Bach would also recruit another Estonian architect with a modernist Scandinavian style, Ants Elken to the University of Toronto. Elken would teach architecture at the University for 33 years. Unfortunately, while Bach had some significant influence on modernism in Toronto in the 1950s, he struggled with personal issues and faded from the Toronto architectural scene in the early 1960s.
However, many Estonians followed Bach and Elken to the University of Toronto School of Architecture in the 1950s, including Uno Prii, Elmar Tampõld, and Henno Sillaste, whose buildings Lokk highlighted during our walk. Uno Prii graduated from the University of Toronto in 1955. Prii’s imaginative buildings are often described as “Space Aged,” and have been recognized by many architects today for their uniqueness. The City of Toronto named 13 of Prii’s buildings to to the Inventory of Heritage Properties in 2004, including 20 Prince Arthur Ave.
Also well known, but perhaps not as celebrated are the works of Elmar Tampõld, who graduated from the University of Toronto in 1953. Working with his firm Tampõld and Wells, he was involved with numerous projects along Bloor Street West. These include the brutalist Senator David Croll apartments and Tartu College, both near Spadina and Bloor. Tartu College remains a centre for Estonian cultural life in the city and is a major student residence. The Senator David Croll apartments, formally know as Rochdale College, are infamous. As the nexus of hippy culture and later drug culture in the late 1960s and early 1970s the building has become an important cultural landmark.
While I was familiar with both Tartu and the David Croll apartments, I was unaware of Tampõld’s connection to the Colonnade Building, a luxury mixed-use building along the “mink mile“.
The building was one of the first significant mixed-used projects in Toronto and perhaps Canada. The Toronto’s Star’s architecture critic, Christopher Hume, nicely summarizes what makes the building such an innovation, “What lifted the Colonnade above the modernist orthodoxies that homogenized the face of cities around the globe was its deep sensitivity to context. A two- and three-storey podium runs along Bloor, which means a continuous streetscape, a critical element in this heavy shopping environment. It also connects Bloor to the open green space behind and Charles St.”
Most of the Estonians on the tour who grew up in Toronto during the 1960s fondly remembered the Colonnade and its Estonian confectionery Amjärv. The store apparently once occupied the same space that is now home to Cartier.
During our tour we also took a look at 1132 Bay Street, which was designed by Henno Sillaste, who graduated from the University of Toronto in 1960. 1132 Bay Street was a condominium built in the 1980s. While not a remarkable building, Sillaste was a well known as an expert in curtain-wall systems.

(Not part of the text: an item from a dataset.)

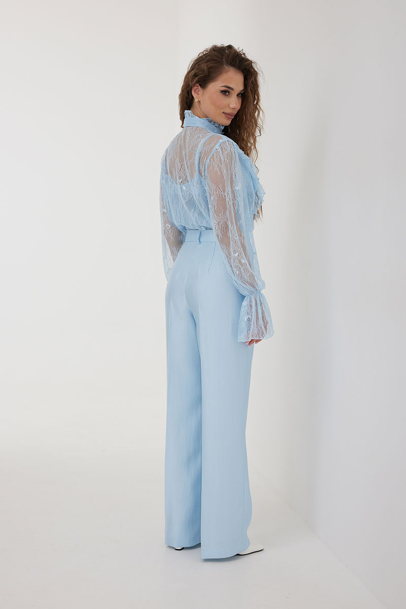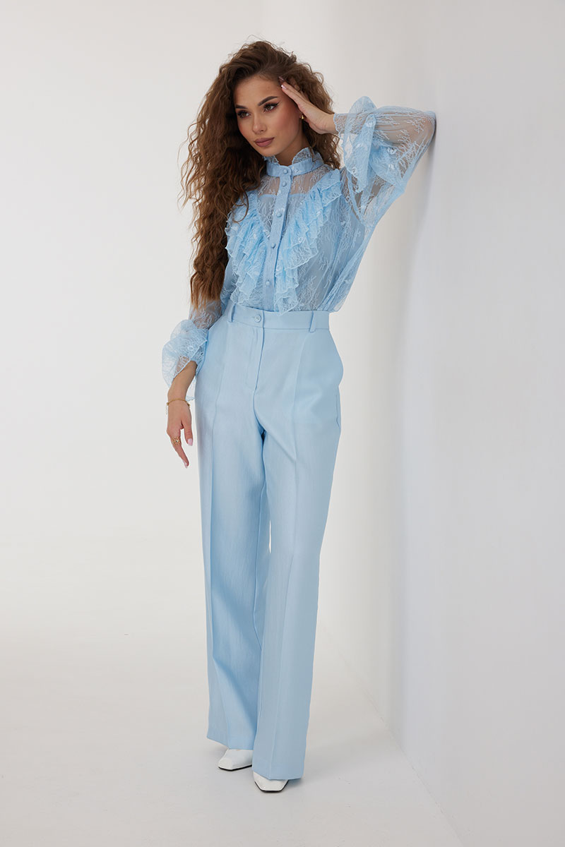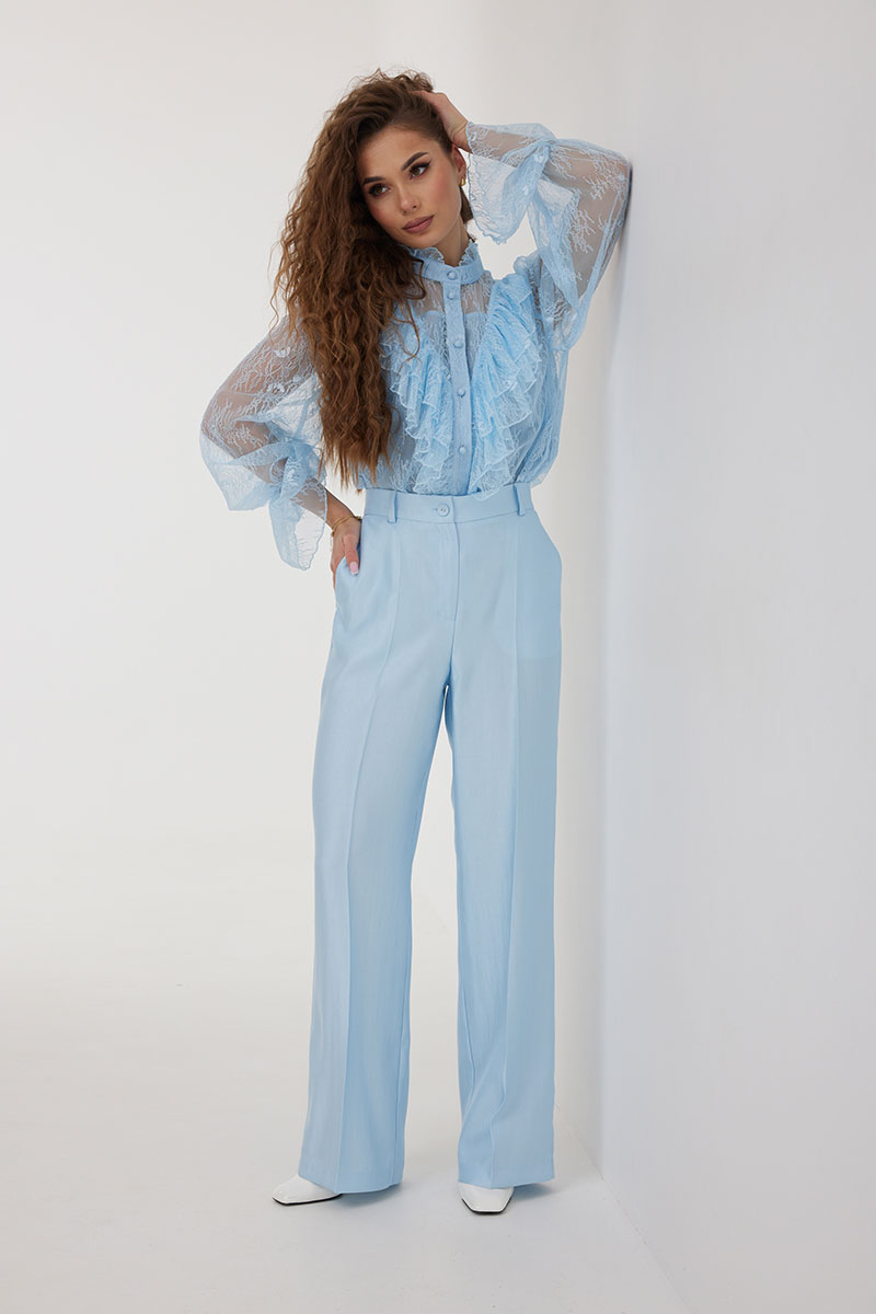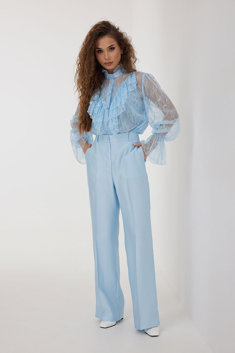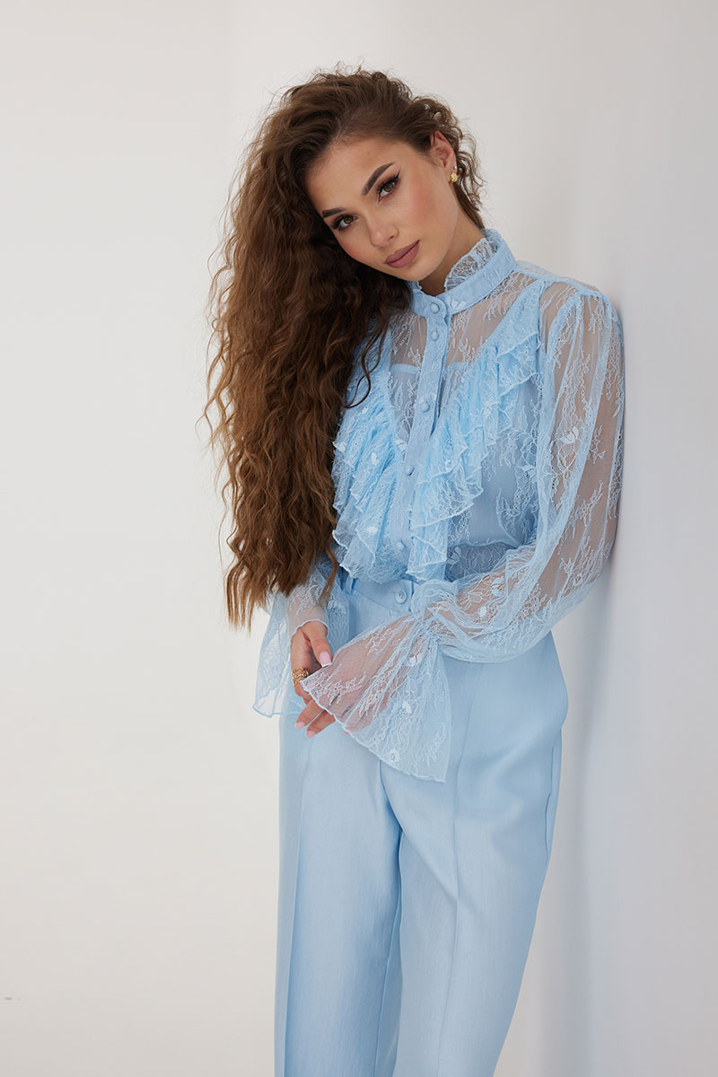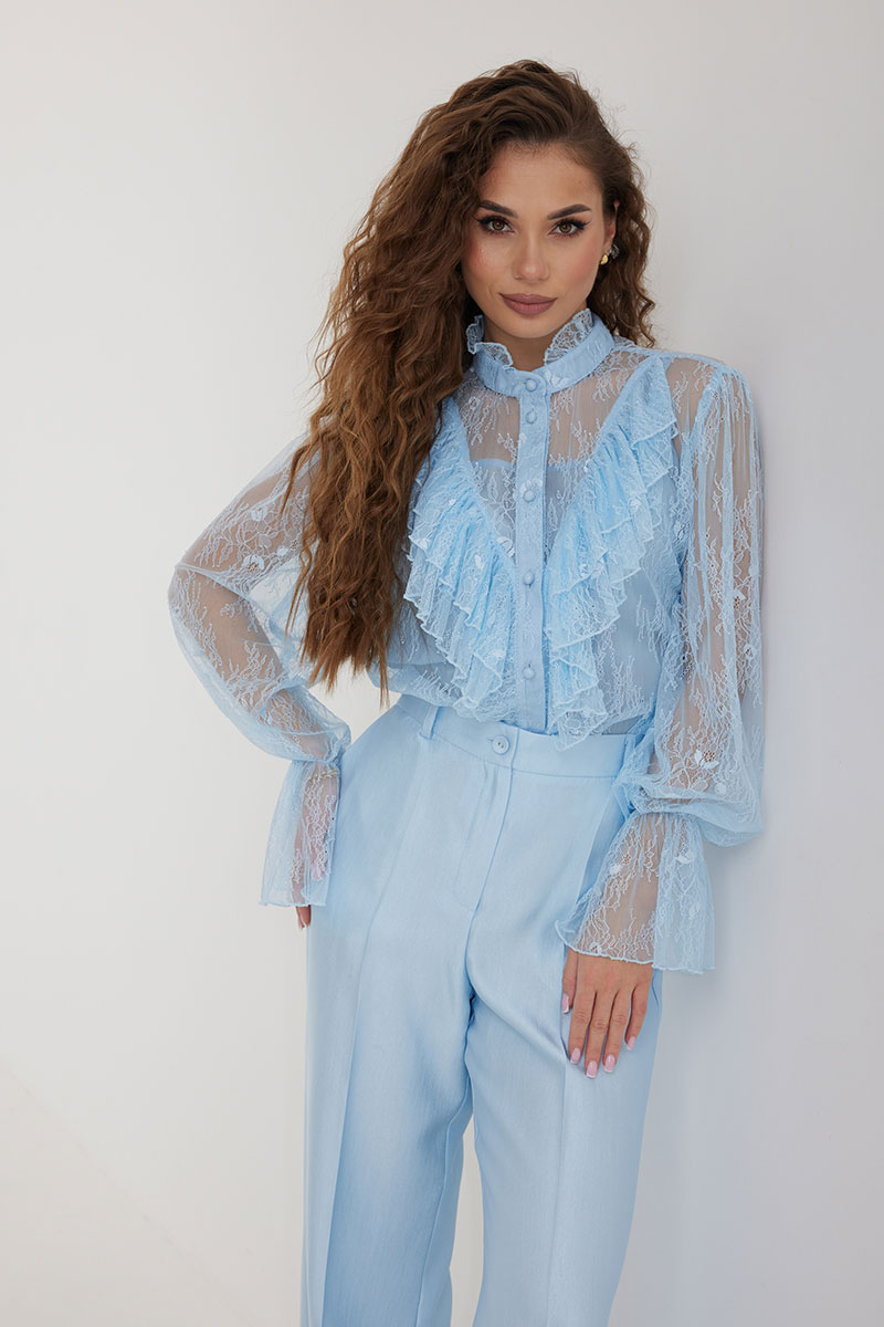 Блузка женская свободного силуэта, из легчайшего кружева. По переду подрез с воланами. Застежка на планку с декоративными пуговицами. Воротник - стойка с небольшой рюшей. Рукав длинный объемный со сборкой в верхней части, в нижней части рукав собран на эластичную тесьму и образует волан. В комплект с блузкой предлагается топ на регулируемых бретелях.

In one of those great examples of how immigration influences both the host country and country of origin, Sillaste introduced the curtain-wall system to Estonian architects in the 1990s. As a result, the curtain wall is known as a Kanada sein (Canadian Wall) in Estonia.

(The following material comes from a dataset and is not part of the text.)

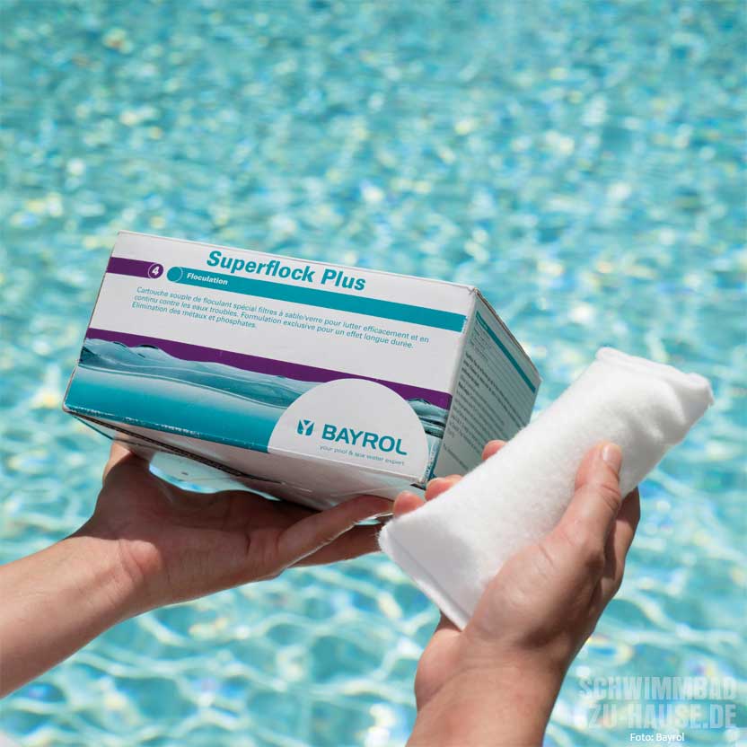 Ein weiterer wichtiger Stoff – außer beim Einsatz von Filterkartuschen und Gewebefiltern – sind Flockungsmittel. Diese sorgen dafür, dass das Wasser nicht von Schwebstoffen, sehr kleinen Schmutzpartikeln und feinst verteilten Verunreinigungen, wie Bakterien, Keimen oder auch Körperfetten getrübt wird. Stattdessen werden kleinste Teilchen vom Flockungsmittel gebunden und sind in der Folge so groß, dass sie gefiltert werden können. Werden Sandfilter – alternativ auch Sandfilter gefüllt mit Filterglas oder Filterbällen – ohne eine automatische Dosieranlage eingesetzt, ist der Skimmer auch der Ort für die Zugabe eines Flockungsmittels. Einfach in der Anwendung sind beispielsweise Flockmittelkartuschen, welche im Skimmer liegend über einen längeren Zeitraum Flockungsmittel abgeben. Noch einfacher ist das Einbringen von Flockungsmittel mit automatischen Dosieranlagen, die ihrem Namen alle Ehre machend, dem Bedarf entsprechend flüssiges Flockungsmittel zudosieren und so für ungetrübten Badespaß sorgen. Sind im Füllwasser Metalle enthalten oder ist das Wasser besonders hart, empfiehlt sich die Zugabe von „BWT Metallneutralisator“. Dieser verhindert Grün- oder Braunfärbung des Wassers durch die gelösten Metalle. Der „BWT Härtestabilisator“ verhindert zuverlässig das Ausfällen von Kalk und Mineralsalzen.

Lokk ended our tour by discussing a more recent vision to raise the profile of Estonians in Toronto and preserve the legacy of the first generation of the community. The Centre for Estonian Studies is planning a Museum of Estonians Abroad (VEMU), which would be built as an addition to Tartu College.
The museum and archive could be part of the cultural corridor that stretches along Bloor from University Avenue to Bathurst Street and includes the Bloor Hot Docs Cinema, Royal Ontario Museum, and other cultural centres such as the Native Canadian Centre of Toronto. Thomas Tampõld, Elmar’s Tampõld son, designed the proposed addition to Tartu College. An excellent example of how a second generation of Canadian-Estonian Architects are now making their mark on midtown Toronto.